Il governo, forte dell'appoggio bipartisan di buona parte dell'arco parlamentare, nei suoi primi cento giorni ha goduto di una sorta di benedizione nazionale. Destra e sinistra hanno provato a vendere l'illusione che i tecnici prestati alla politica potessero curarne i mali. Nei fatti sono stati bravi nel mostrare un'asettica capacità di fare, e in fretta, quello che Fondo Monetario, Banca Centrale Europea pretendono dai paesi dell'Unione schiacciati dalla crisi: eliminazione di ogni forma di tutela, disciplinamento forzato dei lavoratori, svendita dei beni comuni. 
La precarietà del lavoro, già sancita dalle leggi Treu e Biagi, nei piani di Monti deve divenire l'unico orizzonte possibile e desiderabile da tutti. 
La retorica contro la noia del posto fisso, della vita tutta quanta nella stessa città, dei legami con i propri cari come catena da spezzare sta accompagnando il percorso verso la demolizione del poco che resta. L'attacco alla tutela contro i licenziamenti politici, alla cassa integrazione, il lavoro interinale che esce dall'eccezione per divenire la norma sono alcuni dei tasselli del puzzle di Monti.

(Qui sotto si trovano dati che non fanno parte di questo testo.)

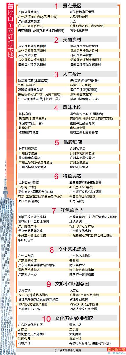 目前,广州市文化广电旅游局根据抖音平台上的视频播放量、话题参与度及推荐攻略阅读量等数据,综合推荐评选出了第一期广州网红打卡地名单,优选了极具人气的景点景区、美丽乡村、人气餐厅、风味小吃、品牌酒店、特色民宿、红色旅游点、文化艺术场馆、文旅小镇/创意园、文化历史/商业街区10个类别的TOP10,合计百个网红打卡点。

Nonostante la Grecia rivelasse, come uno specchio orientato nel prossimo futuro, l'inevitabile esito delle politiche del governo, le lotte sono state deboli, parcellizzate, incapaci di catalizzare il consenso popolare.

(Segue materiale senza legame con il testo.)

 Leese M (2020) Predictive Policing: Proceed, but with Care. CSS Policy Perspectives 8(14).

L'imponente manifestazione del 25 febbraio in Val Susa è stato il primo segnale - forte e chiaro - di un'inversione di tendenza. Nonostante una campagna mediatica martellante, nonostante le dichiarazioni del capo della polizia Manganelli, che descriveva il movimento No Tav come nido di terroristi pronti a uccidere, decine di migliaia di persone si sono riconosciute in un movimento capace di rappresentare chi vuole case, ospedali, scuole, treni per i pendolari e non è più disponibile a pagare la crisi dei padroni.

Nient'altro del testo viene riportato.